Construction of revertant strains.
Complementation of the Δcsm mutants was obtained by a transformation strategy using a wild-type (WT) copy of the genes in the recombinant plasmid pPYRGQ3, which contains the pyrG resistance marker. Spontaneous pyrG− fungal strains from a pyrG+ independent clone were selected on AMM containing uracil (0.05%), uridine (0.12%), and 5-fluoroorotic acid (1 mg/ml). These pyrG− fungal strains were then used to generate the complemented strains using primers shown in Table S1 in the supplemental material. ORFs of the genes CSMA and CSMB were amplified from genomic DNA of the CEA17 pyrG1+ (AF14) strain and inserted into pPYRGQ3 that had been digested with XbaI and XmaI to yield pPYRQ3_CSMA and pPYRQ3_CSMB. These plasmids were linearized with NotI and transformed into the corresponding pyrG− strains of A. fumigatus. The presence of the WT copy of the genes was confirmed by PCR and Southern blotting using the probes amplified with the primers sE_F/sE_R for CSMA complementation and sEb_F/sEb_R for CSMB complementation (see Fig. S4).

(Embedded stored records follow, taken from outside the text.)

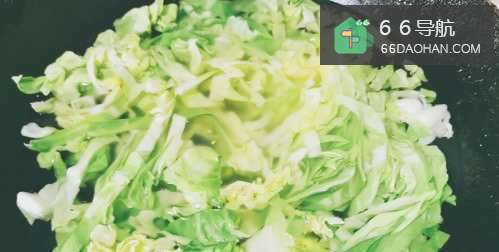 2之后再把卷心菜放入锅焯水后。
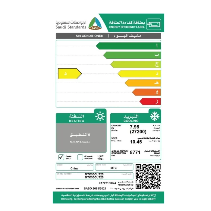 مزود مكيف سبليت MTC بضاغط GMCC عالي الكفاءة يضمن أداءً قويًا ومستقرًا مع توفير الطاقة، مما يعزز من عمر المكيف ويمنحك تبريدًا أسرع وموثوقًا حتى في الأجواء شديدة الحرارة.
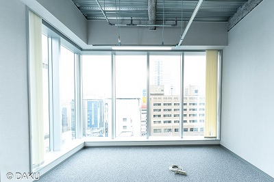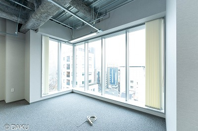 窓面前面ガラス張りで採光抜群の室内です。フロアによってハーフセットアップ(造作の会議室の机と椅子のみ付く)とフルセットアップ(造作と家具付)と通常の事務所使用のタイプがあります。業種等もご相談可能です。
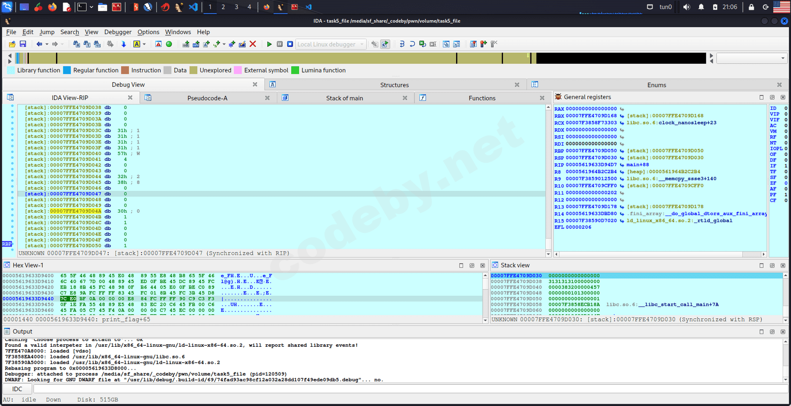 Вы не однократно видели, что у меня в exploit.py есть ветки с EDB и GDB (я еще доустанавливал pwndbg), но там я пока не разобрался, но придумал маленький костыль. В exploit.py я поставил запрос ответа пользователя, что бы успеть подключиться в IDA к запущенному процессу, что бы можно было посмотреть что в память легло. Спустя n-ое время и огромное количество проб получил таки нагрузку.

DNA isolation and hybridization.
DNA was isolated from A. fumigatus using the extraction procedure described by Calera and coworkers (7). For Southern blot analyses, 10 μg of DNA per lane was loaded onto a 0.8% agarose gel and transferred by capillarity to positively charged nylon membranes by following standard protocols. Probes for AfCSMA and AfCSMB were obtained by restriction enzyme digestion of the appropriate clones. The Rediprime Random Prime labeling system kit (Amersham) was used to label DNA probes according to the manufacturer's instructions.
Real-time reverse transcription-PCR (RT-PCR).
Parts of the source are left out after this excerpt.